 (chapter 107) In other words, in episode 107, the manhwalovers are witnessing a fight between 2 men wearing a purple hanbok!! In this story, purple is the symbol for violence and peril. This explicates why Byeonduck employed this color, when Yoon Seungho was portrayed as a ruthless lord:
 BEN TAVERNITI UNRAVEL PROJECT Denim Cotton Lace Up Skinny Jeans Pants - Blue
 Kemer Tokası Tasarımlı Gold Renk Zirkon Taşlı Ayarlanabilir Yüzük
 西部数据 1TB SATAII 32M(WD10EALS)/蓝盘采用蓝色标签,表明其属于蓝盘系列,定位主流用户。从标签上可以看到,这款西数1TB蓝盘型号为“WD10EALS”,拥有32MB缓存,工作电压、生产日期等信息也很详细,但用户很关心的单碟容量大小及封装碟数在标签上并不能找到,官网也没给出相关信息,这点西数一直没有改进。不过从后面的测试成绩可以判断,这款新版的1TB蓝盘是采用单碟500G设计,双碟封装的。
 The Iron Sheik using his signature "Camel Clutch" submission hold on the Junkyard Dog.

_____

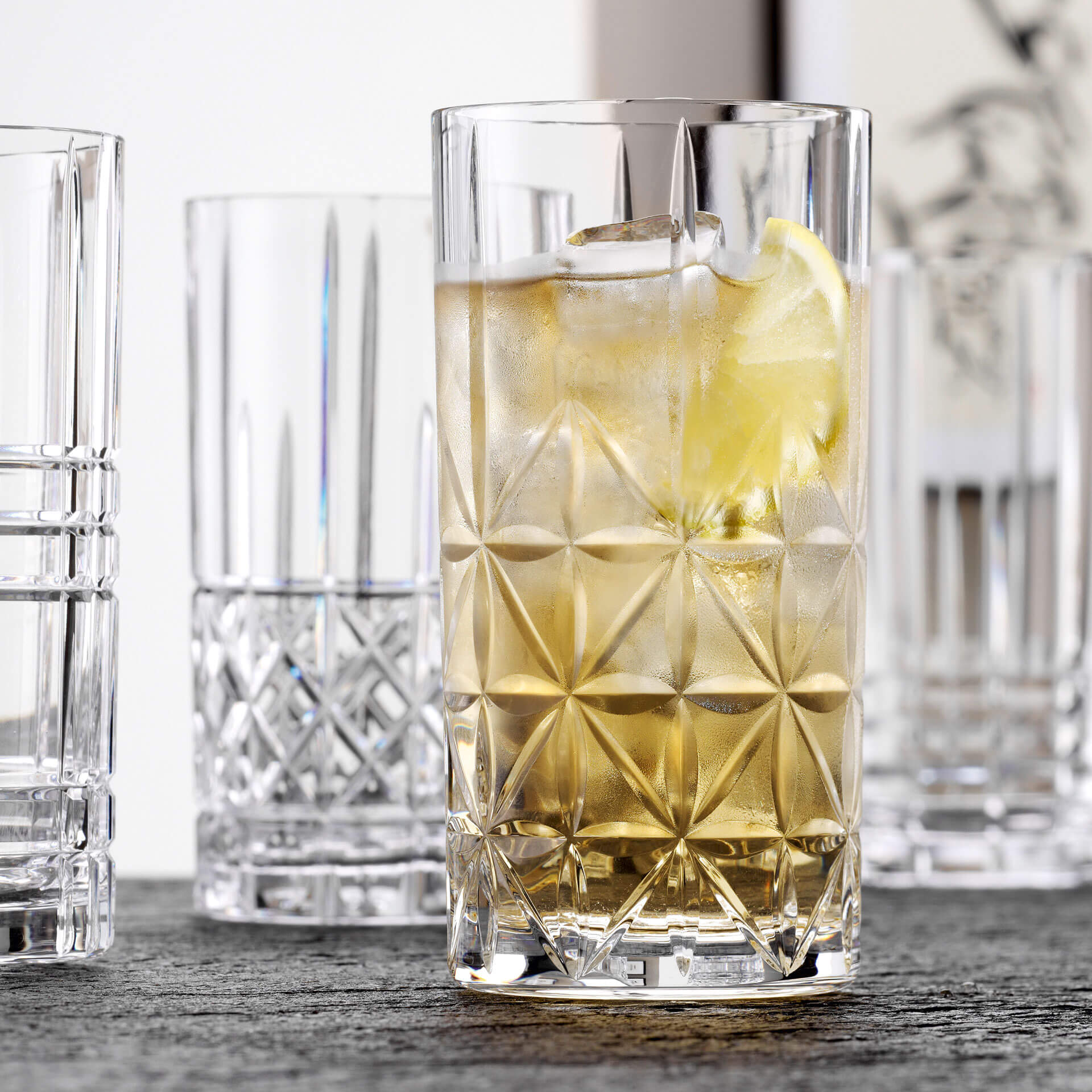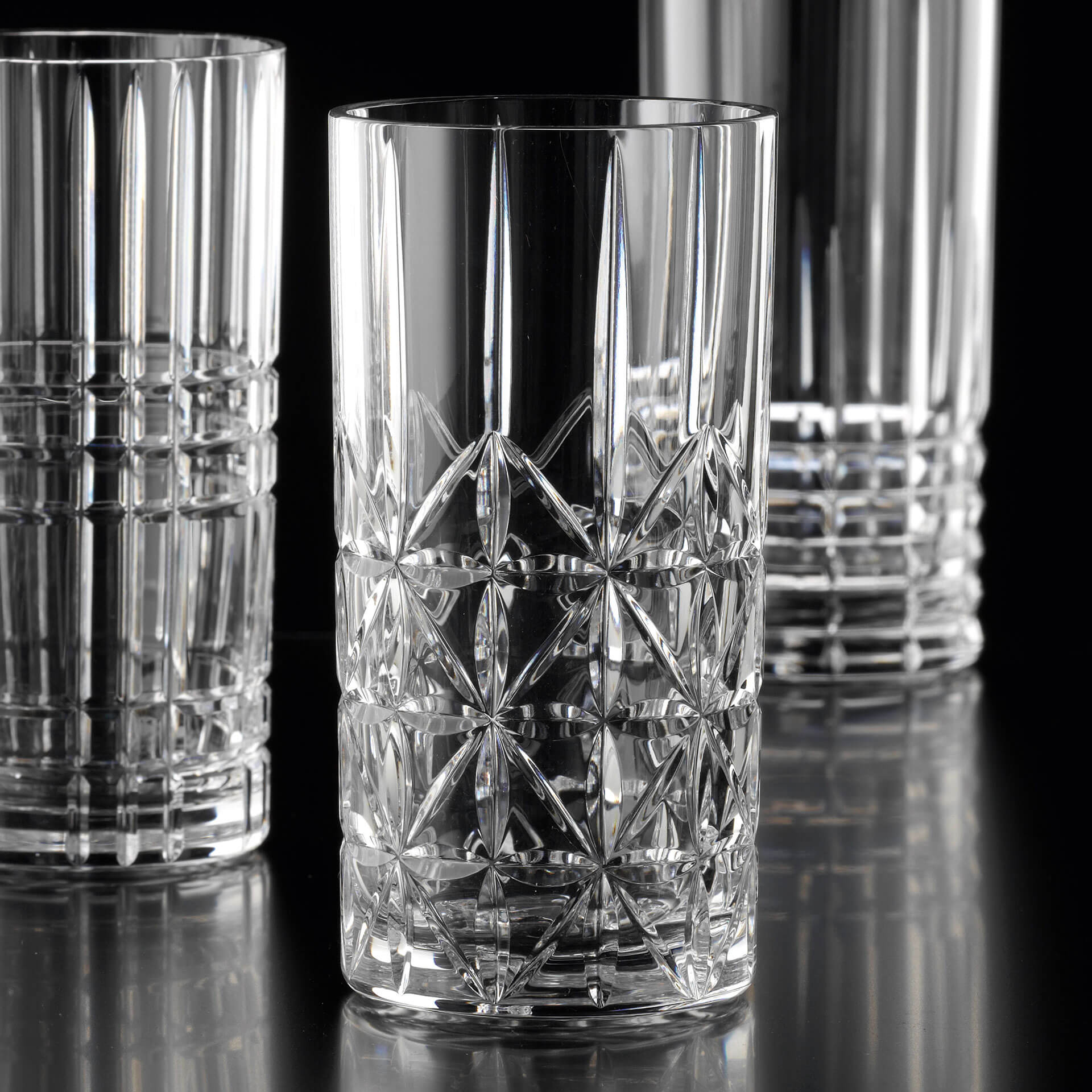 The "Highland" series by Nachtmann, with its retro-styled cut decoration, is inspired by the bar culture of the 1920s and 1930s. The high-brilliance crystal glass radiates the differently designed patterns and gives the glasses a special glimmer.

_____

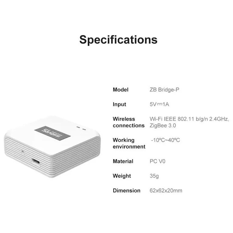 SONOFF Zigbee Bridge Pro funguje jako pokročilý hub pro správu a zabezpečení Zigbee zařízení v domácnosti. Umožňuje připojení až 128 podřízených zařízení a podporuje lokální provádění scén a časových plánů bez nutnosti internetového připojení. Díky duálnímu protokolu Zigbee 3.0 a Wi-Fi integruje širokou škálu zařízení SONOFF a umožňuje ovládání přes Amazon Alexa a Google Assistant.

_____

WHAT TO PRODUCE: Out of the data above, transcribe exactly and only the lines starting with the line that has "(chapter 107) In" and going on through the line that has "Kemer Tokası Tasarımlı", both included.

ANSWER TO THE PROBLEM:
 (chapter 107) In other words, in episode 107, the manhwalovers are witnessing a fight between 2 men wearing a purple hanbok!! In this story, purple is the symbol for violence and peril. This explicates why Byeonduck employed this color, when Yoon Seungho was portrayed as a ruthless lord:
 BEN TAVERNITI UNRAVEL PROJECT Denim Cotton Lace Up Skinny Jeans Pants - Blue
 Kemer Tokası Tasarımlı Gold Renk Zirkon Taşlı Ayarlanabilir Yüzük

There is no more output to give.